Real-time notifications? Use LISTEN/NOTIFY:

-- Publisher
NOTIFY new_event, 'order.created';

-- Consumer
LISTEN new_event;

Multiple consumer groups? Add a consumer_group column:

CREATE TABLE event_consumers (
    event_id BIGINT,
    consumer_group TEXT,
    processed_at TIMESTAMPTZ,
    PRIMARY KEY (event_id, consumer_group)
);

Event replay? It’s just a SELECT:

SELECT * FROM events 
WHERE created_at > '2024-01-01' 
AND event_type = 'order.created'
ORDER BY id;

Retention policies? Partition by month:

CREATE TABLE events_2024_03 PARTITION OF events
FOR VALUES FROM ('2024-03-01') TO ('2024-04-01');

When You Actually Need Kafka

Sometimes you do need Kafka:

Throughput: Millions of events per second Multiple datacenters: Built-in geo-replication Stream processing: Complex windowing and joins Long retention: Keeping months of high-volume data Existing ecosystem: Your team already runs Kafka

But these are exceptional cases. Most applications process thousands of events per second at peak. They need reliability more than raw throughput.

The Implementation Path

Start simple:

Create the events table Publish events alongside your transactions Write a consumer loop with SKIP LOCKED Monitor with normal PostgreSQL tools

When you need more:

Add LISTEN/NOTIFY for lower latency Partition old events to archive tables Create materialized views for analytics Add read replicas for consumer scaling

The Real Win

The biggest advantage isn’t technical.
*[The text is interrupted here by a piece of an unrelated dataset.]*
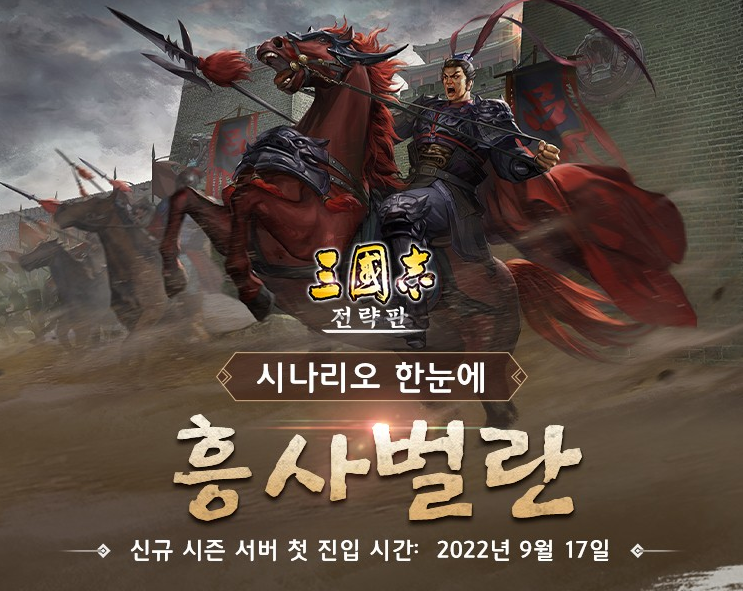 신규 시나리오 흥사벌란도 적용될 예정입니다. 신규 시즌 서버 첫 진입은 9월 17일이며 신규 시나리오에서는 삼전 인게임 첫 번째 던전인 호로관이 등장하며 수화계략 및 등용령 전략이 업그레이드됩니다. 또한 신규 장수 SP여몽 등이 등장하고, 신규 사건 전법 핏빛 전투가 등장해 개척의 재미를 더해줄 것으로 기대됩니다.

It’s operational. Your team knows PostgreSQL. If not, it is much easier to learn, deploy and maintain. Your monitoring covers PostgreSQL. Your backups include PostgreSQL. When something goes wrong at 3am, you’re debugging familiar SQL, not deciphering consumer group rebalancing.

You write..

SELECT * FROM events WHERE processed_at IS NULL. 

Not..

kafka-consumer-groups --describe --group my-consumer --bootstrap-server localhost:9092.

Making the Choice

Next time someone suggests Kafka, ask these questions:

How many events per second? (Really?) Do we need multi-datacentre replication? Are we doing complex stream processing? Can we tolerate 100ms latency?

If you’re answering “thousands”, “no”, “no”, and “yes” - congratulations. You don’t need Kafka. You need PostgreSQL.

This isn’t anti-Kafka. Kafka’s brilliant for the problems it solves. But those problems are rarer than we think. Most of us are building CRUD apps with some events on the side. PostgreSQL handles that beautifully.